A teacher of mine once said, “Beware of entering into worship horizontally.” He also warned about “the corporate spirit” in worship, which is pretty much saying the same thing. The Holy Spirit will always bring restraint to the flesh, and apply the work of the cross to the soul, that the spirit of man may lead in worship and ministry. Those who are seeking pure workings and manifestations of the Spirit must always place the emphasis on the hidden work in the inner man, and not seek after “signs” and outward manifestations as the litmus test of the Spirit.

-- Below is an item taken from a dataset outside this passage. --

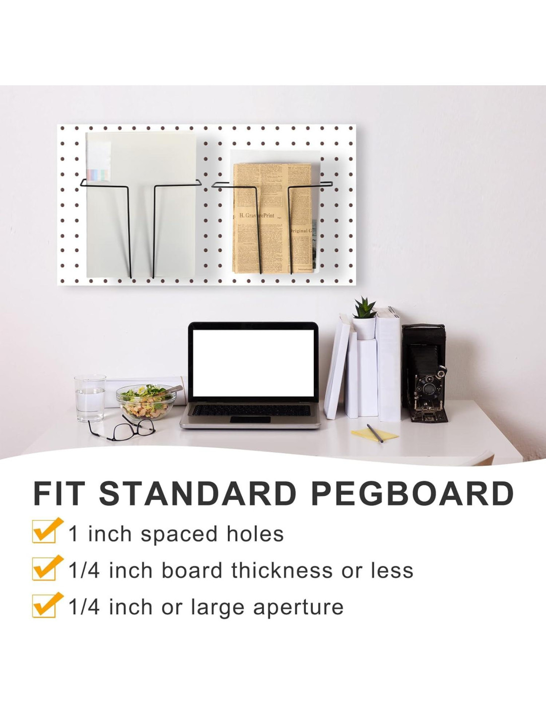 - Instalación Versátil 3 en 1: diseñado para ofrecer una instalación rápida y sin esfuerzo, este exhibidor de documentos es compatible con pegboard, pared ranurada o pared de rejilla, ofreciendo más alternativas para tus necesidades de instalación, simplemente inserta en un ángulo determinado o cuélgalo en el panel para usar, no se necesitan otros accesorios, nuestro estante de documentos ajustable es capaz de sostener casi cualquier documento o papel que desees exhibir

We must also keep in mind that the Holy Spirit is not out to focus the Church upon Himself, but to reveal Christ and the Father. A Holy Spirit-centered church or movement is something of a contradiction, therefore.
Just some thoughts to add to the discussion!
Thanks for this comment. It probably ranks pretty high up there as far in the “most thoughtful comment ever” category on my blog.
I definitely believe that whenever the Spirit is moving, he is absolutely concerned first and foremost with Jesus being magnified. In fact I think a lot of times movements of the Spirit end because the places they happen become consumer-oriented instead of driven to magnify Jesus beyond their boundaries (like Paul). That’s a blog for another time.
The interesting thing about where manifestations of the Spirit happen is that they always involve some sort of mixture (because humans are involved).This leads to complicated situations where hearts and actions are always having to be weighed and it definitely requires wisdom and revelation on the part of those who are shepherding the movement.
Anyways, thanks again for your comment. Love having like minded friends that comment on here!